Think about that person for a second, how many user accounts does each person have? In each system, there is one. And in many cases, each person could have multiple Active Directory accounts. How do you correlate them? How do you lump all of these user accounts into a person? A metadirectory.
With a metadirectory, or the person directory as we call it, you can correlate all of the identities and all of the identity information into one person. The key is to have a key, or keys if necessary. The metadirectory inventories all of these systems with all of these user accounts and logs changes, creating an up-to-date person.

And, of course, this is where it gets fun. Once you have this person with all of his identity information in the metadirectory, you can now authenticate against this directory, creating a federated single sign on to any of your connected applications, even in the cloud! The roles that you create can apply to each application, creating a true RBAC environment. Provisioning and de-provisioning are built into each application automatically; people are productive immediately.
Now, do you want to have to code each and every attribute synchronization?
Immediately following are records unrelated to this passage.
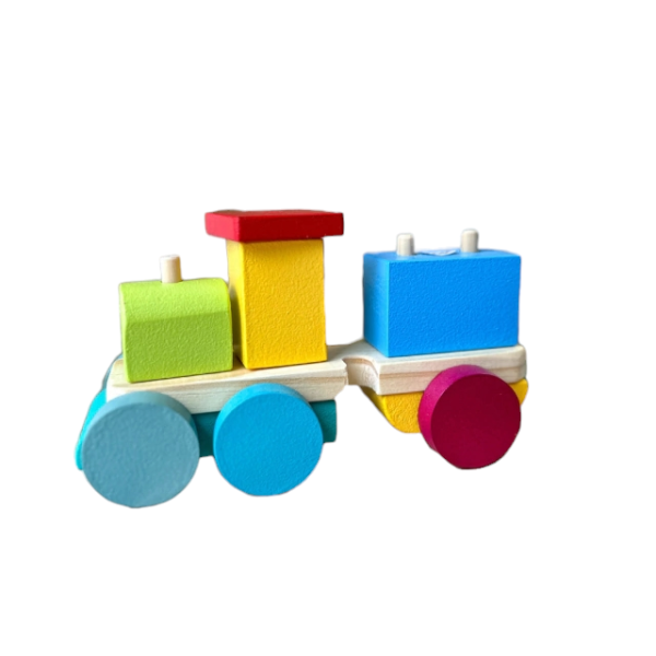 Rodado didactico de bloques desarmable, juego de ensarte, rompecabezas y arrastre.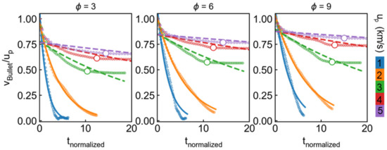 The final residual bullet velocity vfinal and penetration time for different at different up are presented in Figure 6. Firstly, the penetration performance of different materials can be compared by a commonly used parameter, that is, ballistic limit velocity, which is defined as the lowest velocity required to penetrate the target completely. Here, the ballistic limit velocity can be roughly treated as 3 km/s for all the draw ratio, as shown in Figure 6. We found that vfinal maintains linear increase relation with up for the bullet with different (up ≥ 3 km/s). Besides, obvious increase of residual velocity exhibits increasing from 3 to 6, while this trend becomes unclear with further increasing from 6 to 9, appearing to imply a limited value for draw ratio in the penetration process. That means complete penetration and subsequent inertia-driven motion. In this case, we further present the function of penetration time and incident velocity in Figure 6b. Obviously, penetration time decreases with increasing up, especially for the case of high draw ratio. Noting that the thinnest bullet () experiences the longest penetration time related to the apparent geometric dimension.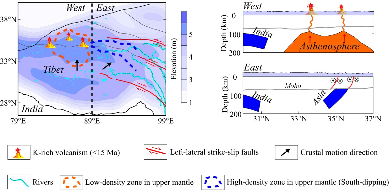 青藏高原作为地球上最年轻、海拔最高的高原,其形成与印度板块和亚欧板块的碰撞密切相关。值得注意的是,高原地形、地壳变形、构造运动以及中新世以来的岩浆活动在东西方向上均呈现出明显的东西不对称性(图1)。这些现象是否与岩石圈深部变形有关?岩石圈深部变形如何影响地表地质活动?这些问题对于理解高原演化和板块构造动力学具有重要意义。
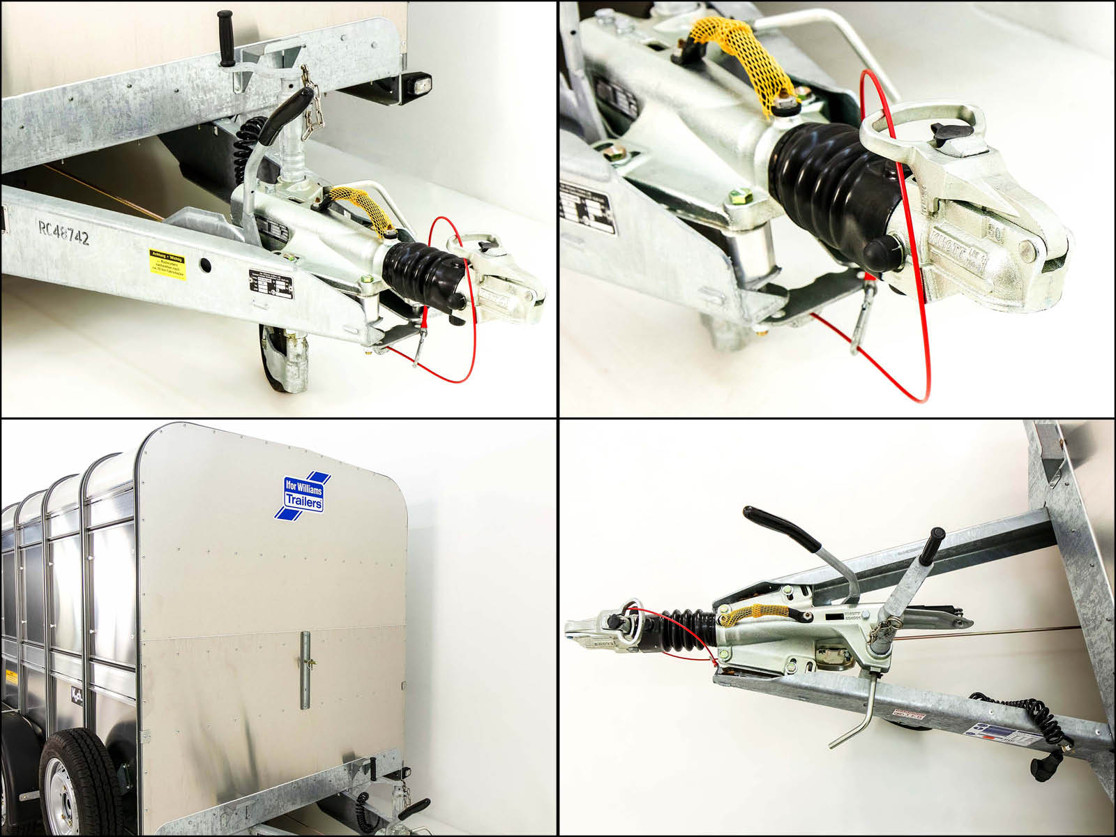 - Blattfedern | Verzinkte V-Deichsel mit Zugkugelkupplung 50mm abschließbar | Stützrad | Rückfahrautomatik

No. You need a WYSIWYG synchronization engine that defines workflows of what goes where. Which system is authoritative? The best and simplest example is HR and AD...HR is authoritative for everything but email address...so you send identity information to Active Directory from your HRIS, provision an Exchange account, and shoot that email address back to HR.
Make your users people again, give them the correct access, unify and correlate their identity to make them whole again.

The question is, will users ever take this advice and stop using passw0rd as their password? No. And, even if they do, they will continue to write it on a post-it note affixed to the bottom of their keyboard. This is the inevitable and painful flaw in any password policy.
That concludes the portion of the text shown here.